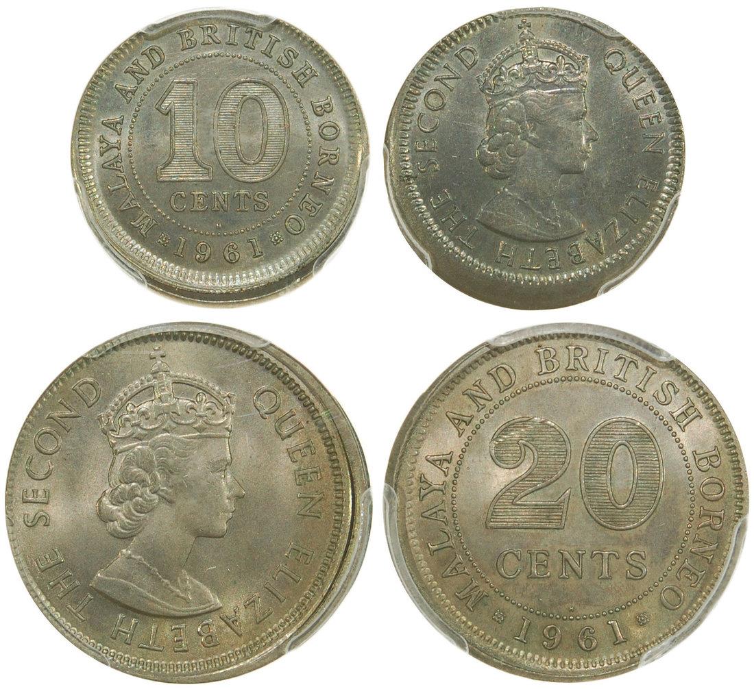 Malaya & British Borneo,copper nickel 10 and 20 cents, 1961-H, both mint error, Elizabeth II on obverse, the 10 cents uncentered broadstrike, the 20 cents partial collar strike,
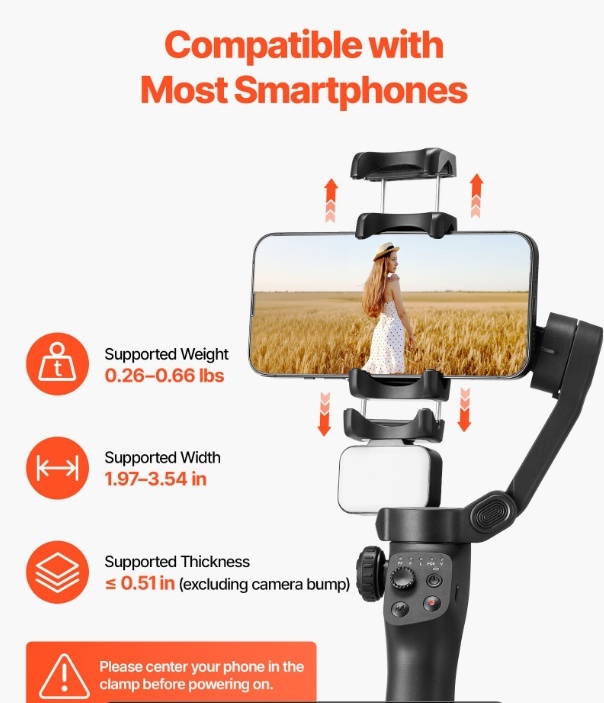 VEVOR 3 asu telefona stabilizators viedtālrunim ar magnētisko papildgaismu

:::

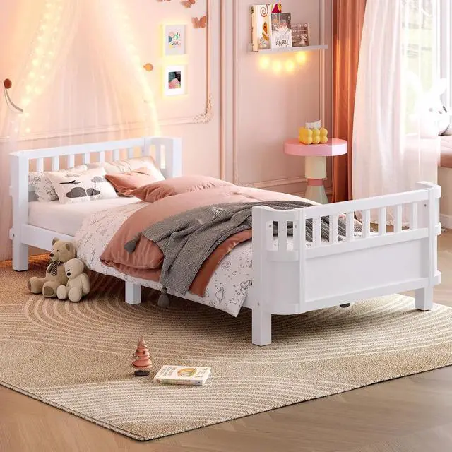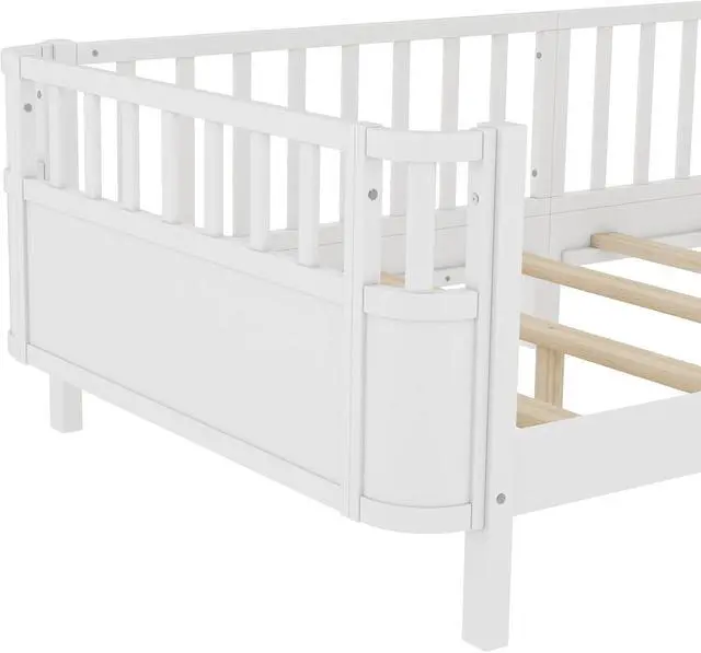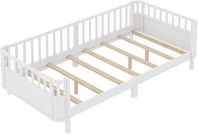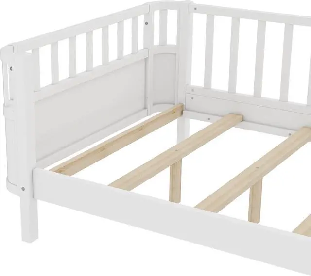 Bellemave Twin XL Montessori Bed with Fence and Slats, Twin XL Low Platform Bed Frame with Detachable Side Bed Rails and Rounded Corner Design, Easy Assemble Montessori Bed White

:::

## Problem statement
Your reply is to be an exact repeat of the listing above from the line holding "Malaya & British" down to the line holding "VEVOR 3 asu", ends included, pictures excluded.

## Exercise output
 Malaya & British Borneo,copper nickel 10 and 20 cents, 1961-H, both mint error, Elizabeth II on obverse, the 10 cents uncentered broadstrike, the 20 cents partial collar strike,
 VEVOR 3 asu telefona stabilizators viedtālrunim ar magnētisko papildgaismu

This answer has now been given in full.